::: STORED DATA :::

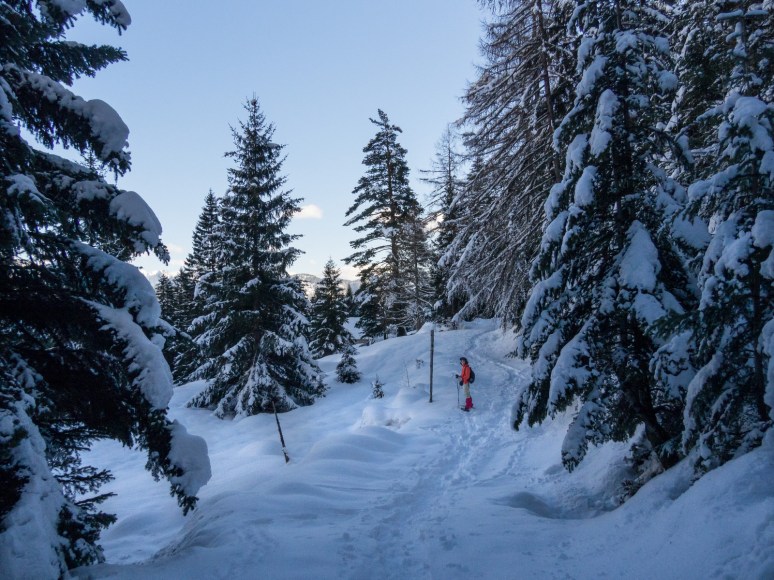 In un primo momento decidiamo di proseguire. Lo spazio tra gli alberi della pineta sembra quello del sentiero percorso finora ed ad un certo punto iniziamo a scendere. Non trovando però più alcuna indicazione ne i classici segni bianchi e rossi dei percorsi, scesi più di cento metri in un tratto tra l’altro abbastanza ripido, decidiamo prudentemente ma a malincuore di tornare sui nostri passi.Relive ‘Ciaspolata 13-01-2018’
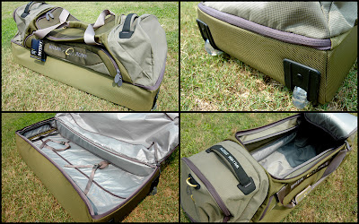 The Odyssey is a large capacity (better watch your cargo weight when flying with this one) rolling duffel with space for everything you'd need for an extended trip and space even for fly rod tubes due to it's long slender shape. A lot of usable space and the empty weight isn't bad either for a structured duffel of this size.
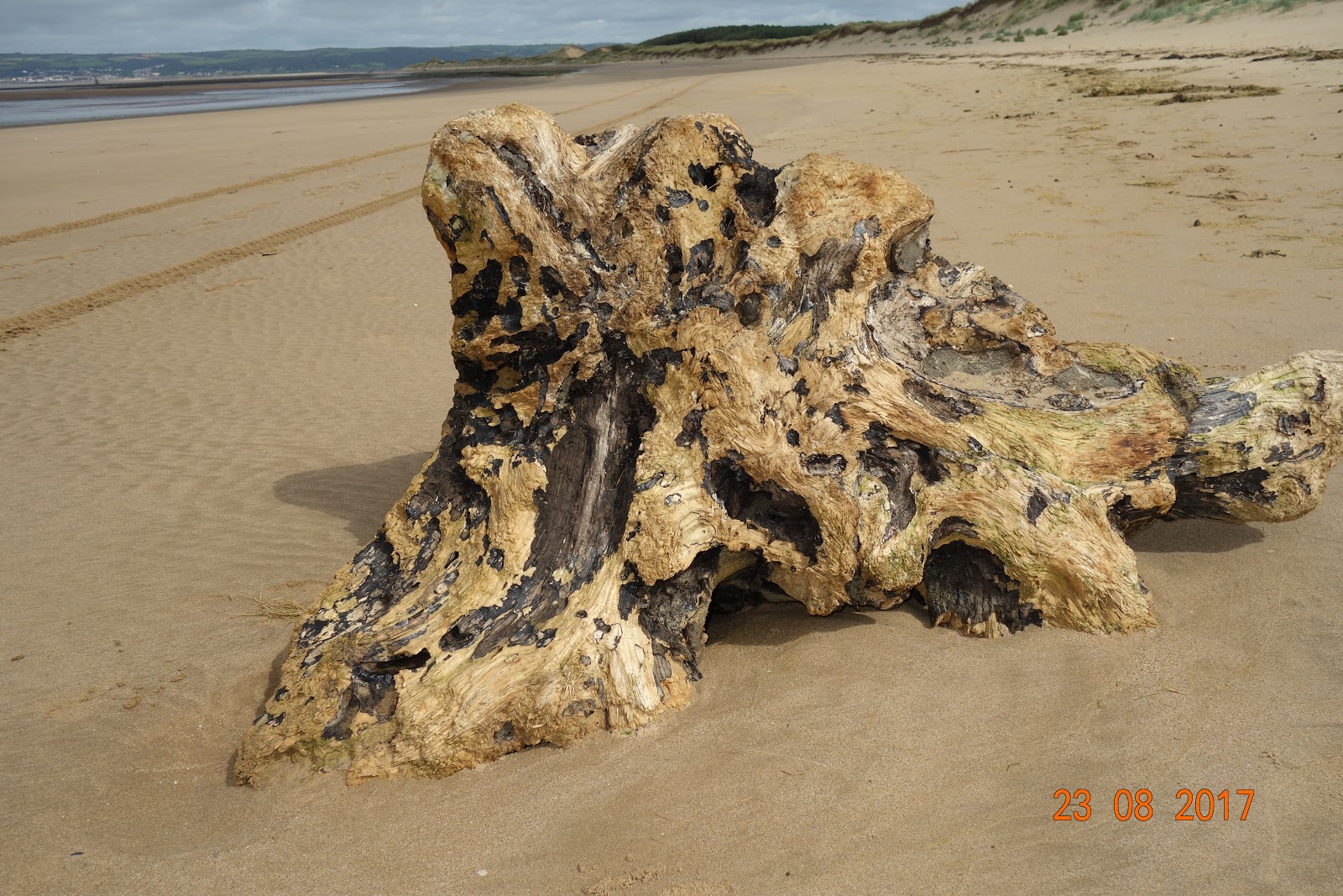Driftwood on the biggest expanse of sand one can imagine. It was the only thing that interrupted the nothingness (except for sand and things that live in the sand, of course) as far as the eye could see:
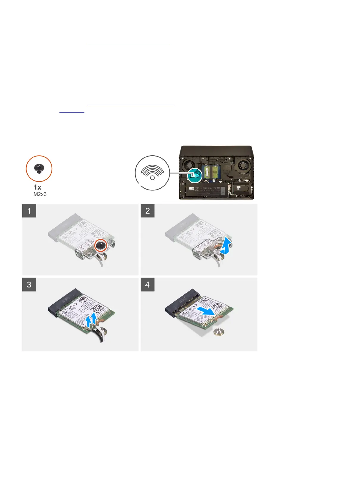 1. Remove the screw (M2x3) that secures the wireless-card bracket to the system board.
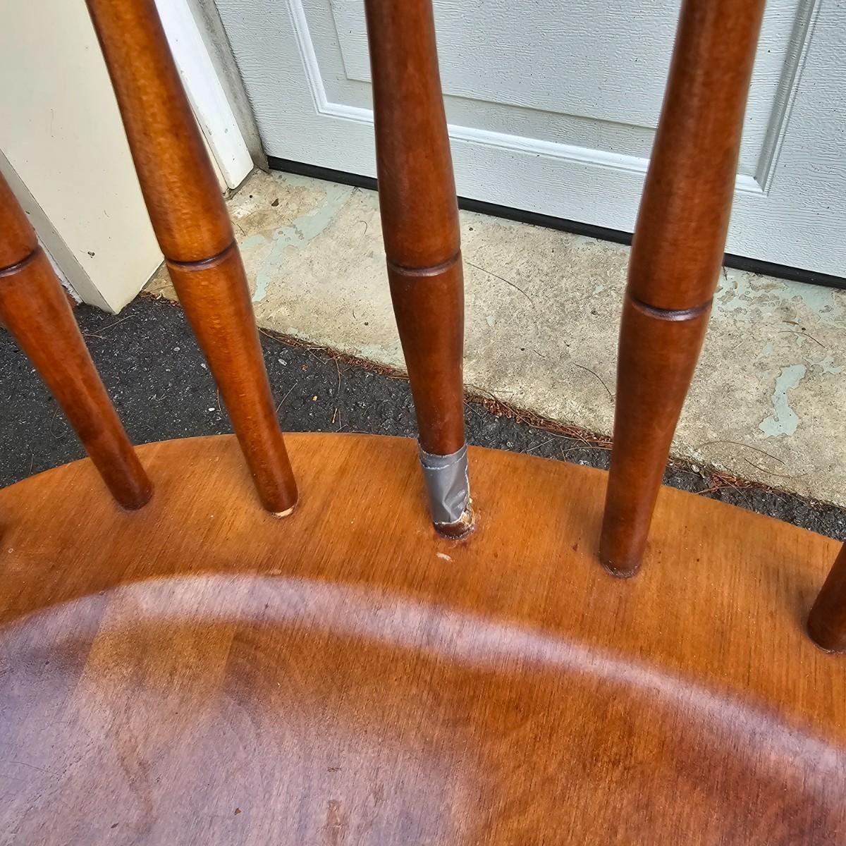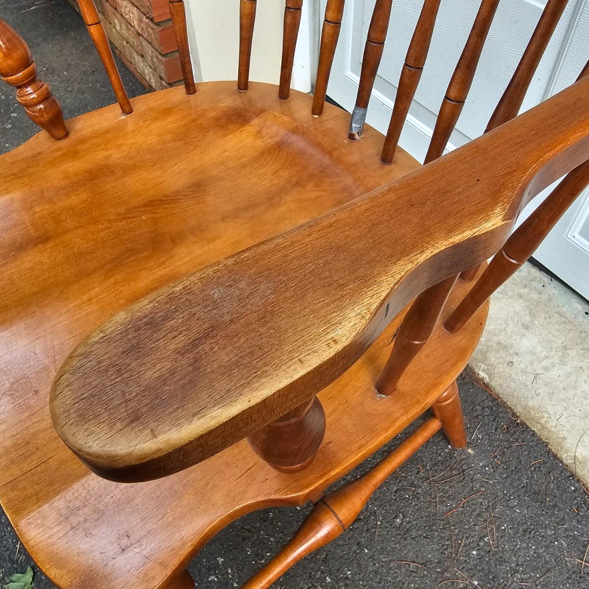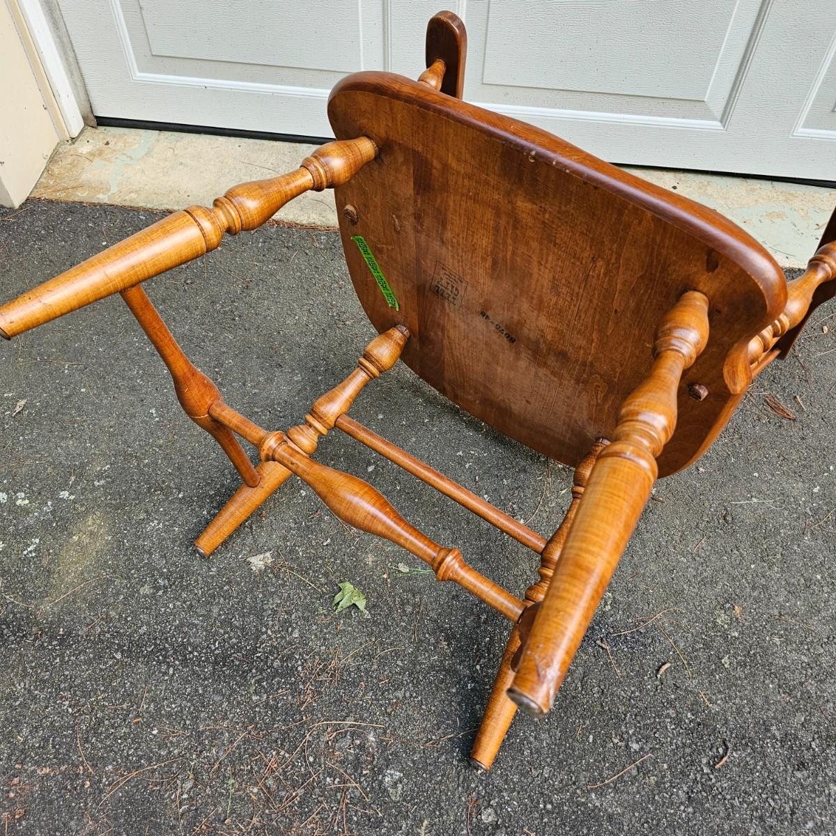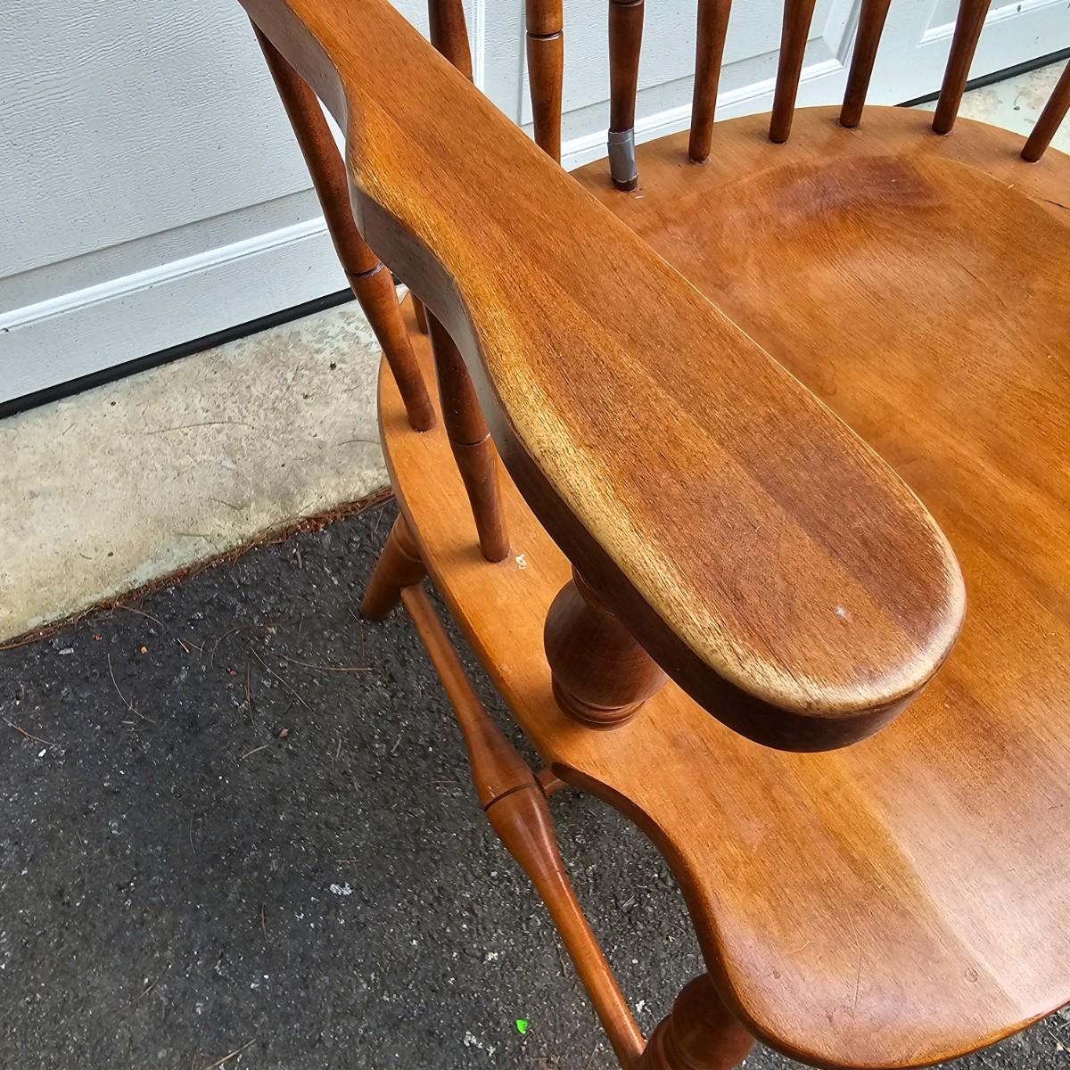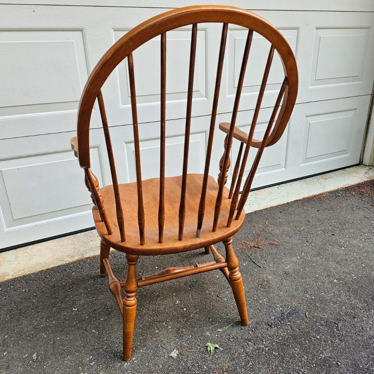 Solid wood Windsor back style chair by Tell City. Carved, decorated rungs and spindles. Chair measures 23" x 21" x 40"H with seat height of 16". Slight wear on arms and one spindle has a 'bandaid' on it. See photos for details. Local pickup only.
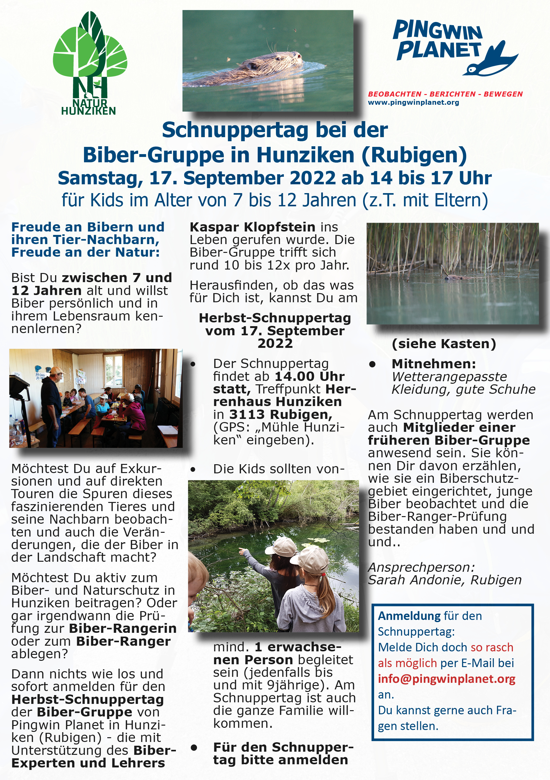 Viel über Biber und ihre Tierfreunde lernen, Biberschutzgebiete einrichten und pflegen, Biber beobachten und eventuell die Prüfung zur Biber-Rangerin oder zum Biber-Ranger absolvieren: Genau zu diesem Zweck und anderen schönen Naturerlebnissen treffen sich seit ein paar Jahren Kids von 7 bis 12 Jahren 10 bis 12 x pro Jahr auf dem Naturgelände in Hunziken (Rubigen), wo auch Pingwin Planet seit einigen Jahren zu Hause ist.
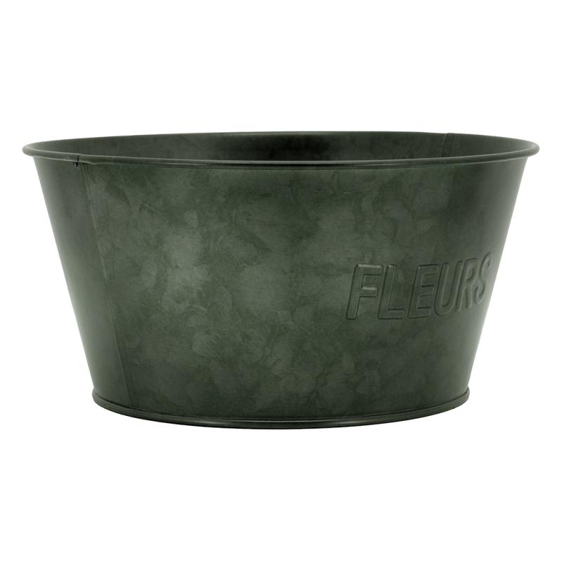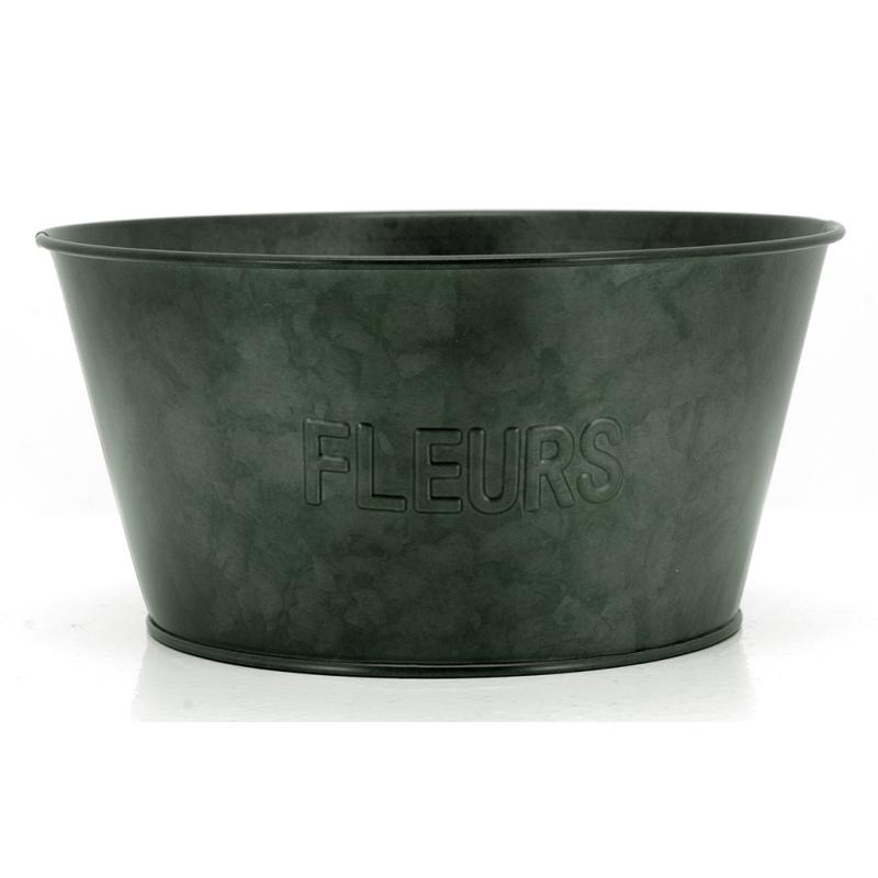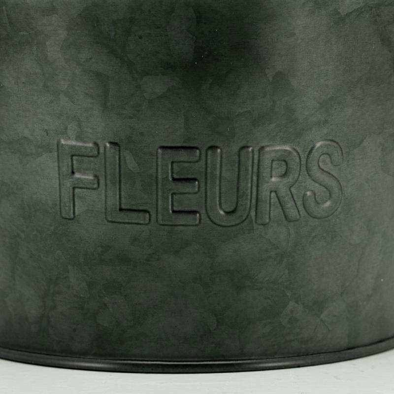 Corbeille en métal noir, inscrit "Fleurs"
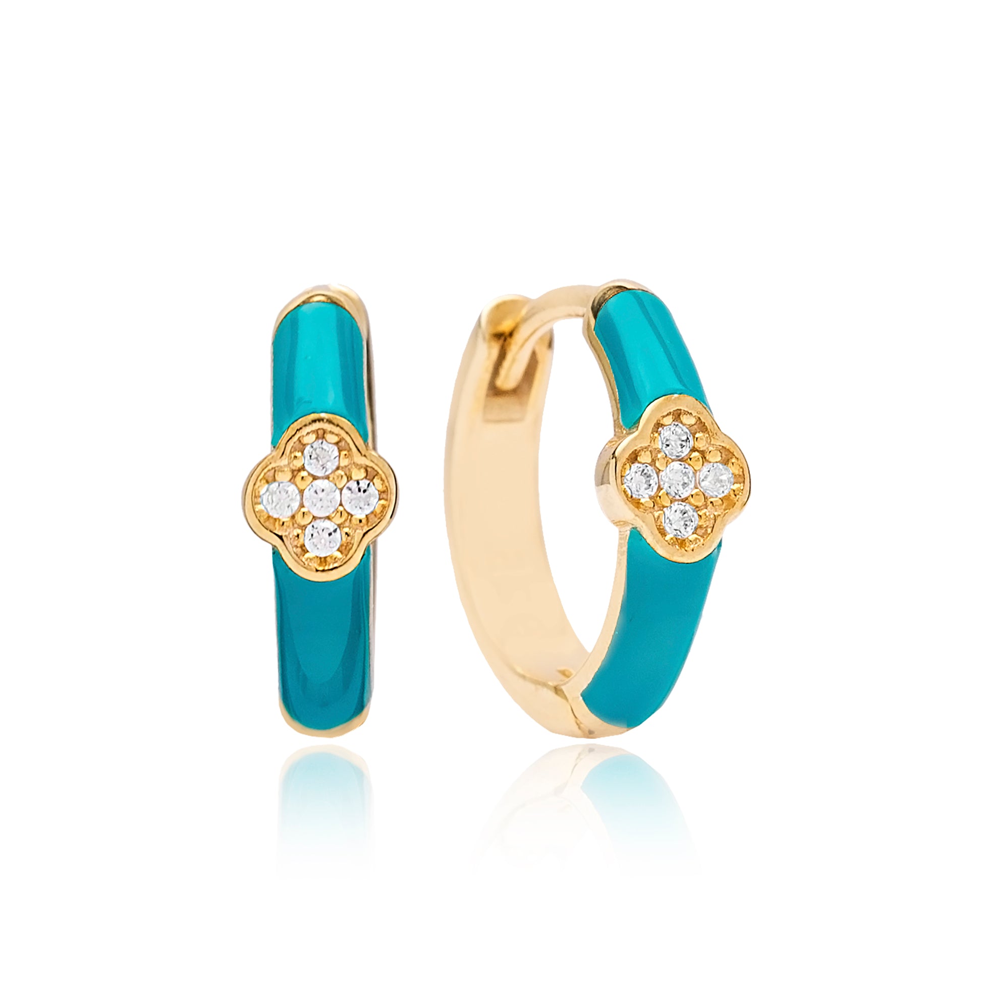 - Vibrant Design: The earrings showcase a beautiful turquoise enamel that adds a pop of color, complemented by gold-plated detailing for a luxurious finish.
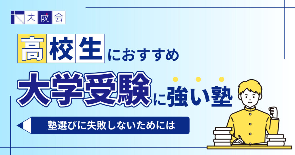 「大学受験するなら、学習塾は必要?」 「みんな、いつごろから大学受験塾に行くの?」 「大学受験の塾は、何を基準に選べばいい?」 大学受験を視野に入れた学習塾選びには、押さえるべきポイントがあります。 そこでこの記事では、大学受験におすすめの... -
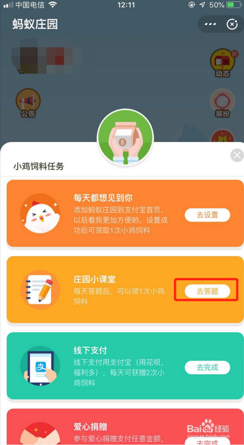 然后屏幕下方会弹出很多小鸡领饲料的使命,如图所示,在浩繁使命中找到【庄园小讲堂】一项,点击该项右侧的【去答题】!
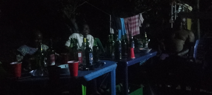 Three individuals gather around tables laden with bottles and red cups in a dimly lit outdoor setting. Clothes hang on a line behind them. The person to the right is shirtless and seated. The other two are partially obscured by the darkness and array of bottles. The tables appear to be plastic, one blue and the other partially visible. The overall atmosphere suggests a casual gathering in the dark.

:::

__TASK TO COMPLETE__: The copy starts at the line holding "然后屏幕下方会弹出很多小鸡领" and ends at the last line of the records above. Transcribe those lines exactly, pictures excluded.

__SOLUTION FOR THIS EXERCISE__:
 然后屏幕下方会弹出很多小鸡领饲料的使命,如图所示,在浩繁使命中找到【庄园小讲堂】一项,点击该项右侧的【去答题】!
 Three individuals gather around tables laden with bottles and red cups in a dimly lit outdoor setting. Clothes hang on a line behind them. The person to the right is shirtless and seated. The other two are partially obscured by the darkness and array of bottles. The tables appear to be plastic, one blue and the other partially visible. The overall atmosphere suggests a casual gathering in the dark.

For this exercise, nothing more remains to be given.